Executive Functions Related to Quality of Reporting Following Police Officers’ Use of Force Training by Jessie N. Doyle, Mary Ann Campbell and Donaldo D. Canales
The capacity to use force against citizens is one of the most salient and controversial issues in policing. Following a use of force encounter, investigations are carried out to understand why force was used and whether it was justified. Officers are often required to provide written and/or verbal statements in an official report detailing the encounter and justifying their decisions. Thus, accurate reporting is imperative to use of force investigations.
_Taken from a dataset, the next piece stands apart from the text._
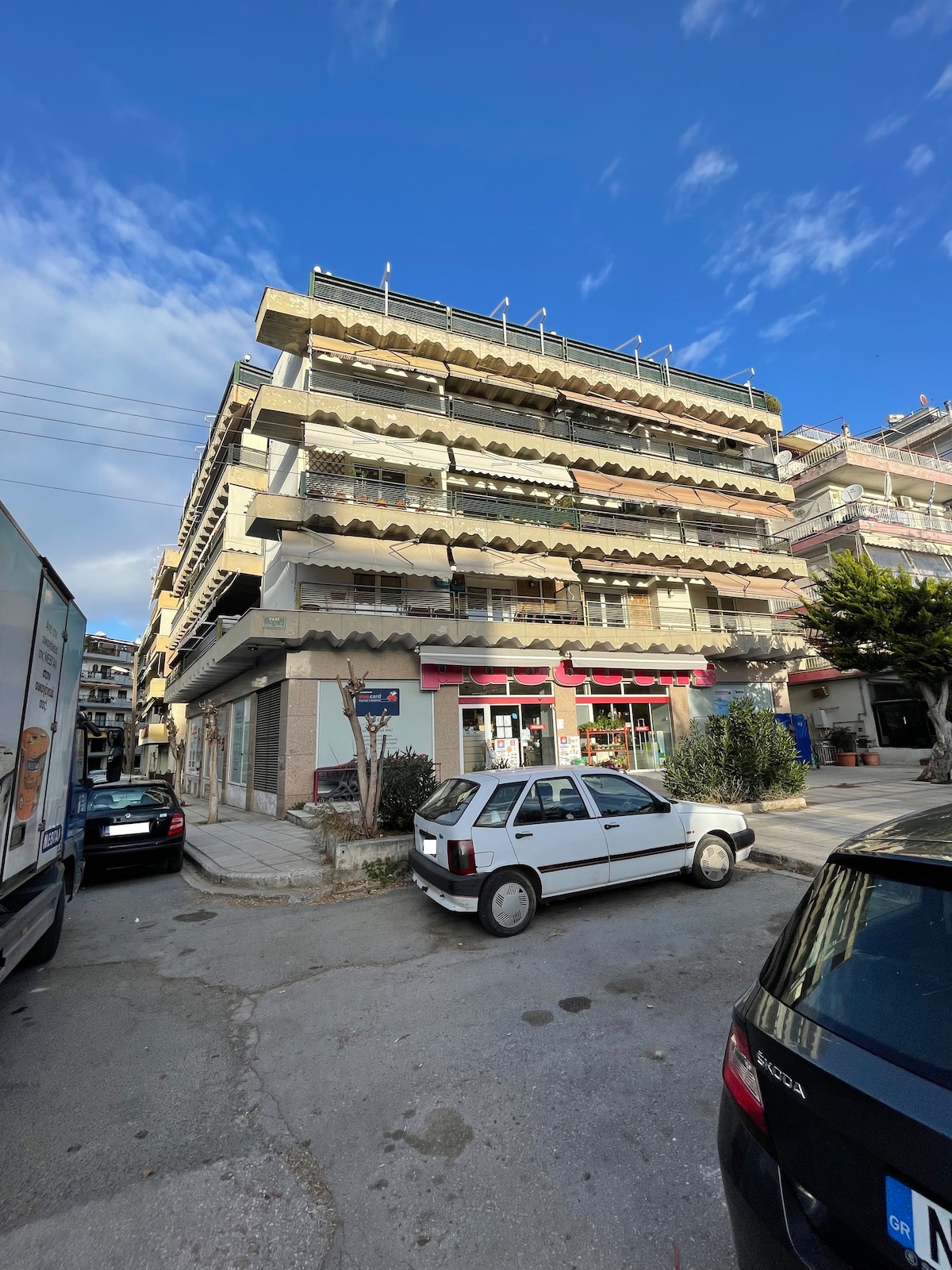 Este apartamento único se encuentra en el último piso de un edificio nuevo con vistas despejadas a Salónica e incluye aparcamiento gratuito. El apartamento se encuentra en el sexto piso y los huéspedes tienen acceso mediante el ascensor. La distancia desde el centro de la ciudad es de unos 4 km. La distancia del aeropuerto es de 15 km. • Los servicios, entre otros, son: 2 televisores inteligentes (acceso a Netflix, Disney+, etc., utilizando tu propia cuenta). • Cafetera Nespresso. •Lavavajillas, lavadora y secadora de ropa. • Plaza de aparcamiento gratuita en el edificio.

Yet being involved in a force encounter triggers acute stress responses that may affect cognitive processes and contribute to errors in recall of those events. To date, few studies have examined the psychological mechanisms underlying police officers’ reports of use of force encounters. This study, published in the Journal of Police and Criminal Psychology, seeks to fill in those gaps, looking in particular at non-lethal violence. The researchers asked 84 Canadian municipal officers to complete a self-report measure of executive function. Officers then participated in a live action video-recorded use of force simulation. Officers provided a written narrative of their use of force experience immediately post-simulation. Researchers coded videos and narratives for officer and suspect behavioural actions to determine comparability between observed behaviours in the simulation and narratives. Results demonstrated that officers’ behaviours and their narratives were reasonably comparable, with the greatest comparability observed with details relating to officers’ own actions. Poorer metacognitive abilities were predictive of lower comparability for details pertaining to suspect behaviour. The research suggests better training, including reviews of narratives post-simulation to enhance metacognitive functioning, may help create the most accurate accounts of use of force encounters , and enhance current approaches to investigation following use of force encounters.